What is Record to Report?

Record to Report, commonly abbreviated R2R or RTR,: is one of the three major finance process cycles, alongside Order to Cash (O2C) and Procure to Pay (P2P). While O2C governs revenue-side activity and P2P governs expenditure-side activity, R2R governs the production of financial information from raw transactional data.

The scope of R2R is broad. It includes:

  • Capturing and recording financial transactions in the general ledger
  • Maintaining sub-ledgers for specialized areas like fixed assets, leases, and payroll
  • Reconciling accounts to verify that recorded balances are accurate (see account reconciliation)
  • Making adjustments for accruals, deferrals, reclassifications, and corrections
  • Eliminating intercompany activity across entities
  • Consolidating entity-level financials into group-level statements
  • Producing financial reports, disclosures, and regulatory filings
  • Analyzing results and providing commentary to stakeholders

R2R is not a monthly event. It is a continuous process that runs throughout the period, with intensity concentrating during the close window when all activities must converge to produce a set of trusted financial statements on a fixed deadline.
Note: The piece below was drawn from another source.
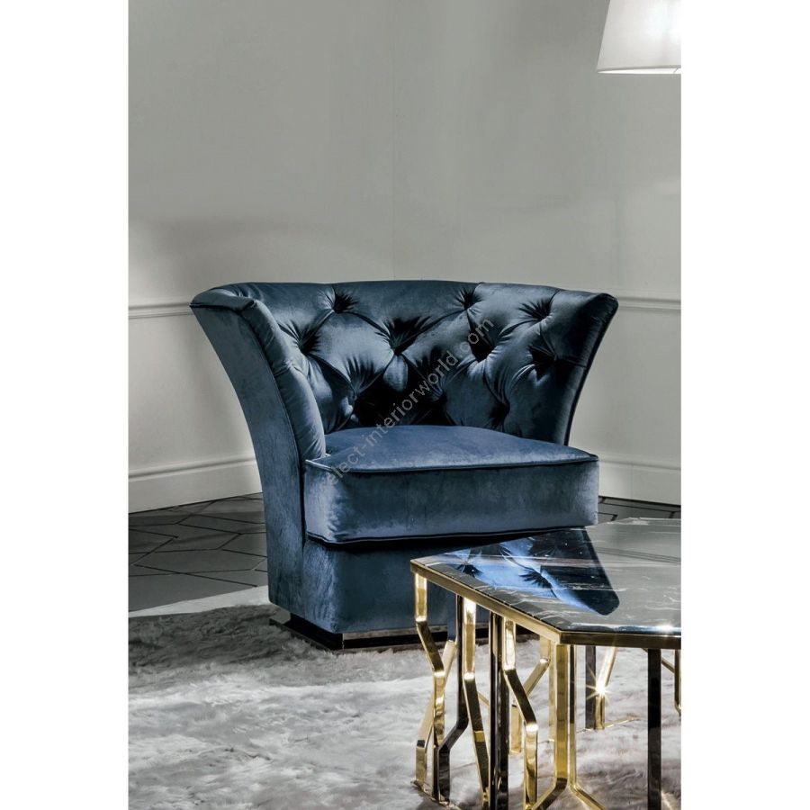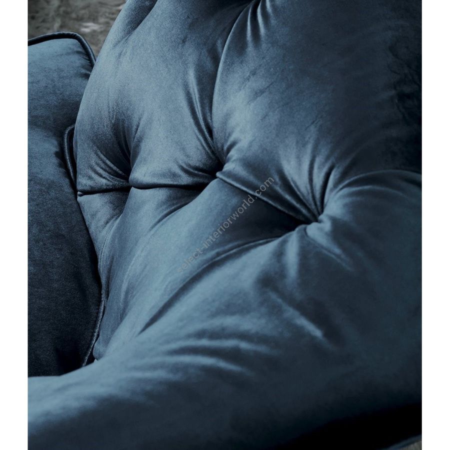 Frame in wood with elastic bands, covered in multithickness polyurethane foam. Seat cushion in sterilised goose down with insert in multi-thickness polyurethane foam. The internal cover has a “Capitonné” pattern, with buttons in plain colour. Given the special manufacturing process, fabric or leather upholstery is not removable. Metal base in the following finishes: Satin nickel, bright shaded brown, Black Rose gold, bright light gold, matt Champagne gold, bright chrome, bright black chrome, matt satin bronze, bright pink gold, matt pink gold.

The 8 steps of the R2R cycle

1

Record

Data collection

2

Post

Sub-ledger to GL

3

Reconcile

Verify balances

4

Adjust

Accruals & corrections

5

Eliminate

Intercompany

6

Consolidate

Multi-entity rollup

7

Report

Financial statements

8

Analyze

Variance & disclosure

Every organization's R2R process follows the same fundamental sequence, regardless of size, industry, or accounting standard. The steps are:

1. Data collection and recording. Transactions are captured in the systems of record, ERPs, payroll platforms, billing systems, banking portals,, and posted to the appropriate sub-ledgers and the general ledger. The quality of everything downstream depends on the completeness and accuracy of this step. Automated data integration ensures that transactional data flows between systems without manual extraction, transformation, or loading.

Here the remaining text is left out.